Provided records: Begin

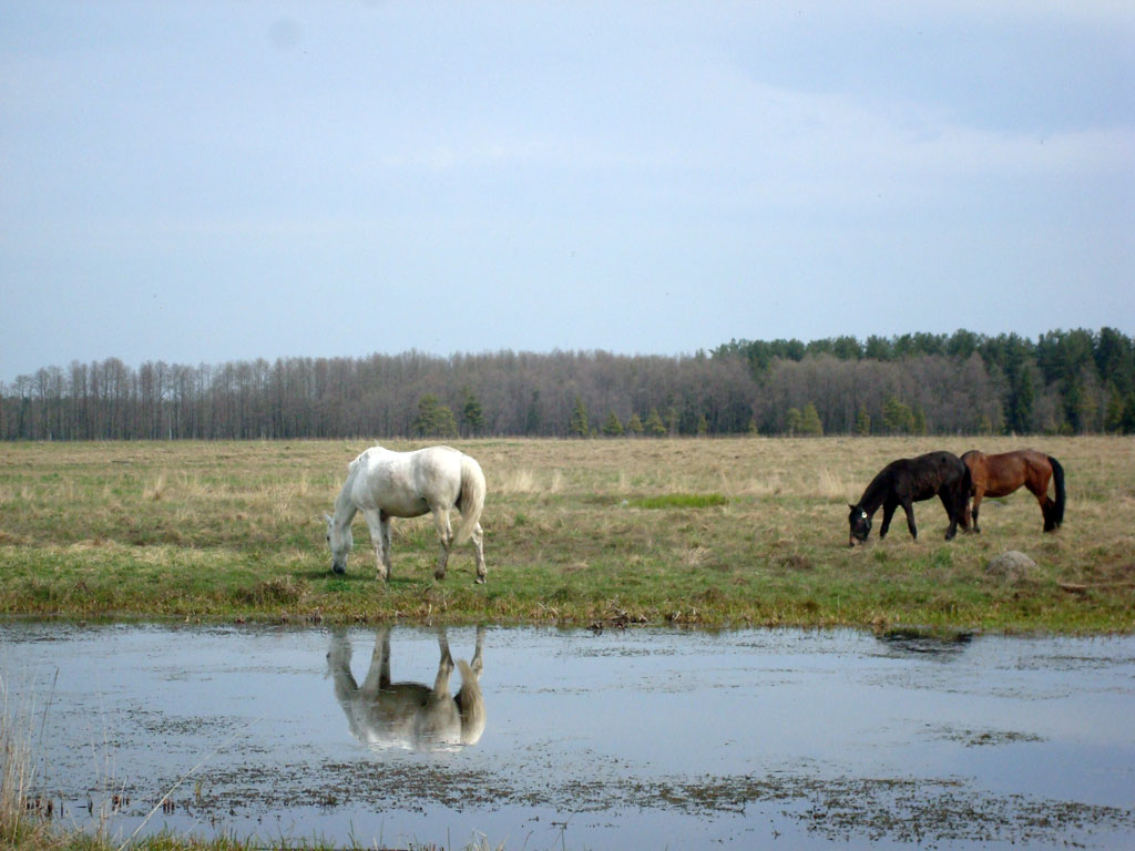 У ручья бегает всякая животина, галка там и трясогузка, собачки соседские. Вороны еще и козы. У пруда, из которого ручей течет, лошадки травку жрут и ее же удобряют:
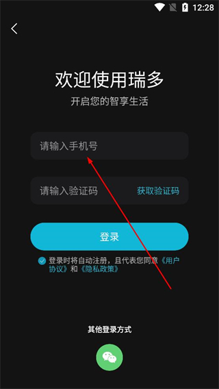 3、進入登錄界面,用戶可輸入手機號,點擊獲取驗證碼,填寫驗證碼后,勾選同意用戶協議和隱私政策,再點擊登錄按鈕登錄。
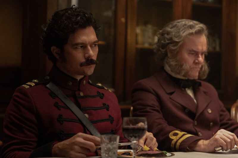 Captain Millais (Luke Arnold, l.) und Lieutenant Punch (Darren Gilshenan, r.) gehören zur Besatzung des Company-Schlachtschiffs Dreadnought.
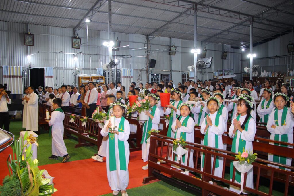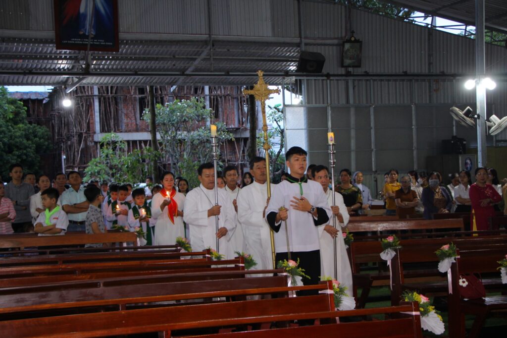 Thánh lễ bắt đầu với đoàn rước Cha chủ tế, quý phụ huynh và 44 em thiếu nhi trong đồng phục trang nghiêm tiến lên hướng về phía cung thánh, trong tiếng hát và niềm vui hân hoan của cộng đoàn.
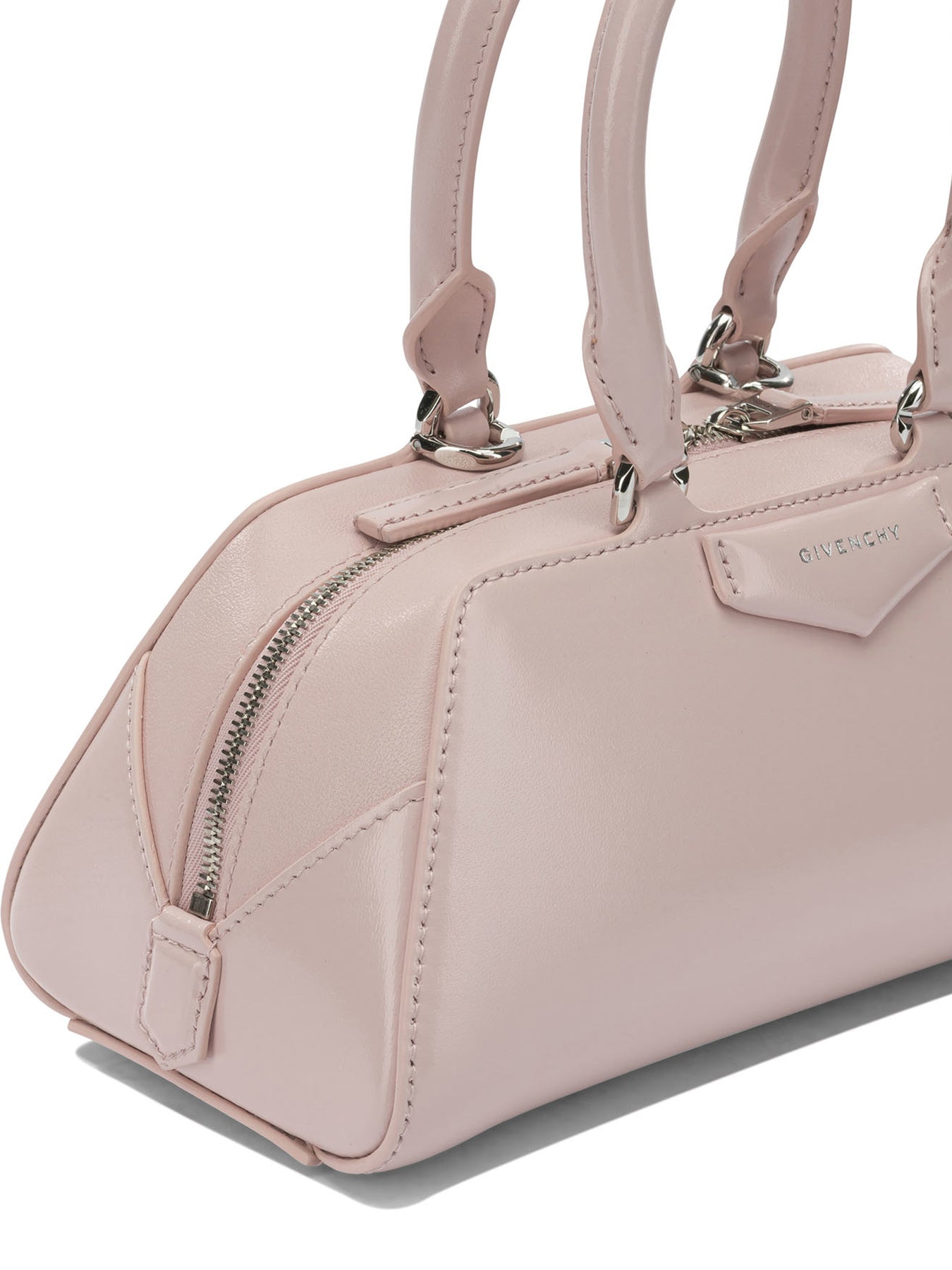 Givenchy small "Antigonia East-West" handbag in Box calfskin and shiny grain leather. Rigid frame with elongated silhouette and origami-style gusseted structure. Zipper top closure. Articulated leather handles with four D-rings for attaching shoulder strap. Adjustable and removable leather shoulder strap included. Pentagonal Givenchy signature embossed applique on front. || - Box calfskin and polished grain leather - East-West structure with side gussets - Top zipper closure - Articulated handles with four D-rings - Metallic details with silver finish - Pentagonal Givenchy signature embossed applique at front - Givenchy Paris signature on the inside - One main compartment - Adjustable shoulder strap length from 52 cm to 59 cm
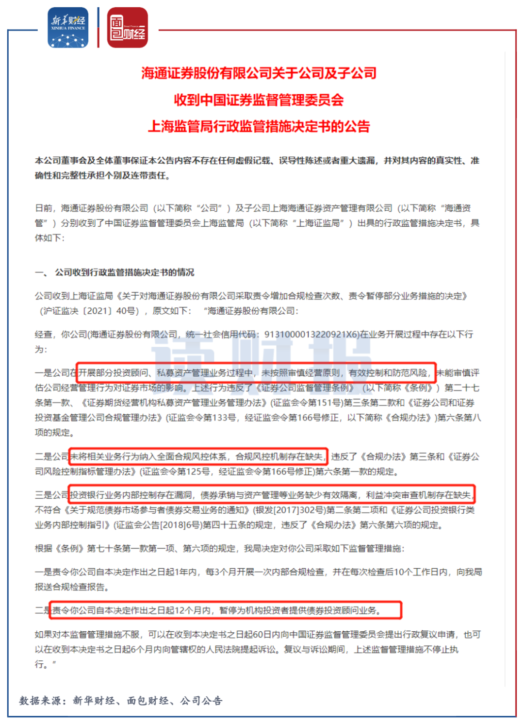在资管业务方面,2021年3月,海通证券收到证监会上海监管局的行政监管措施决定书,因为合规和风控漏洞,监管部门做出“12个月内,暂停为机构投资者提供债券投资顾问业务”的处罚决定。
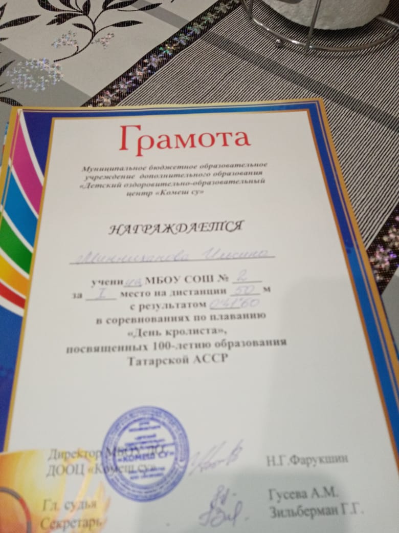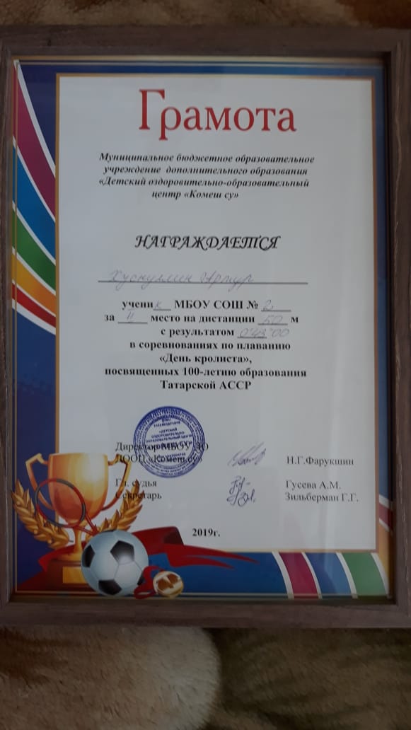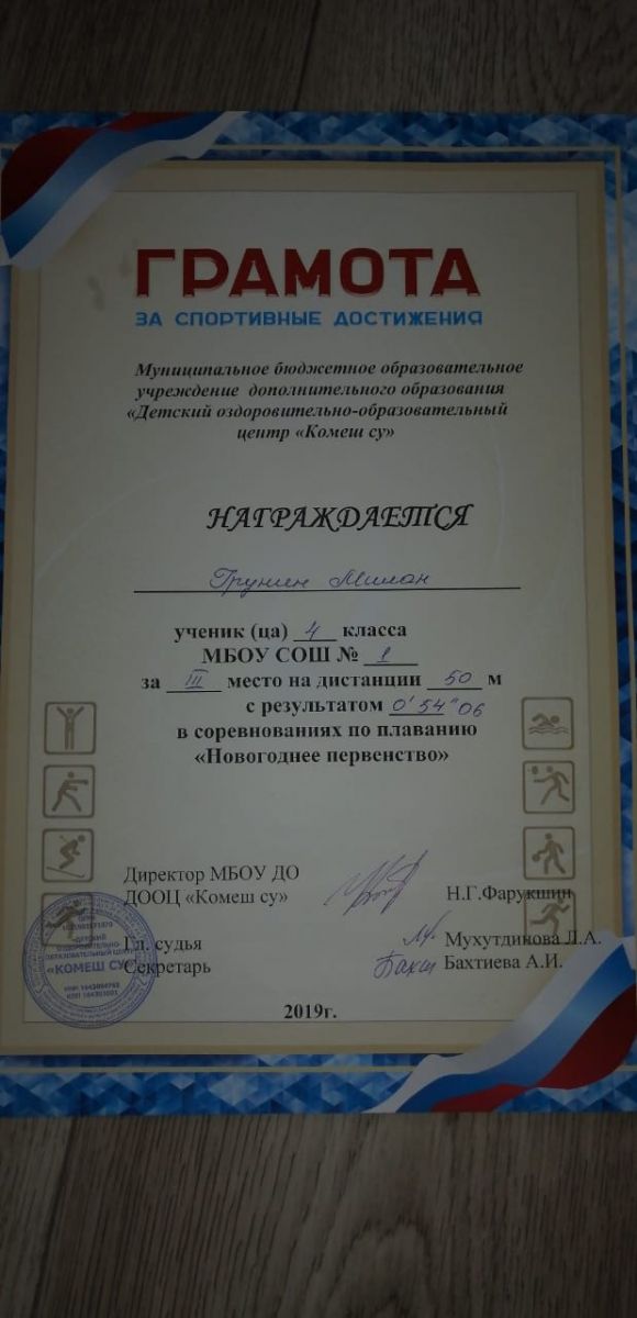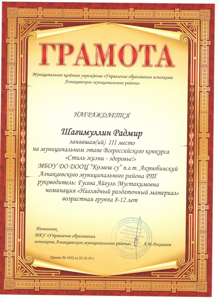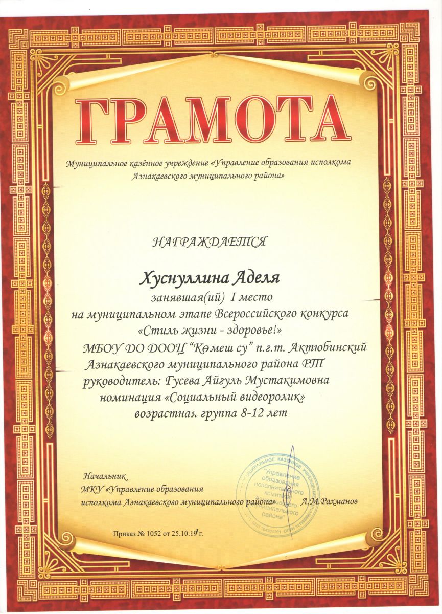 Грамота 1 место Всероссийского конкурса "Стиль жизни - здоровье", Латыпова Ф., 2019г.

Provided records: End

The answer is the lines of the material above, from the one containing "3、進入登錄界面,用戶可輸入" down to the one containing "Thánh lễ bắt", given exactly and without images.

## Expected answer
 3、進入登錄界面,用戶可輸入手機號,點擊獲取驗證碼,填寫驗證碼后,勾選同意用戶協議和隱私政策,再點擊登錄按鈕登錄。
 Captain Millais (Luke Arnold, l.) und Lieutenant Punch (Darren Gilshenan, r.) gehören zur Besatzung des Company-Schlachtschiffs Dreadnought.
 Thánh lễ bắt đầu với đoàn rước Cha chủ tế, quý phụ huynh và 44 em thiếu nhi trong đồng phục trang nghiêm tiến lên hướng về phía cung thánh, trong tiếng hát và niềm vui hân hoan của cộng đoàn.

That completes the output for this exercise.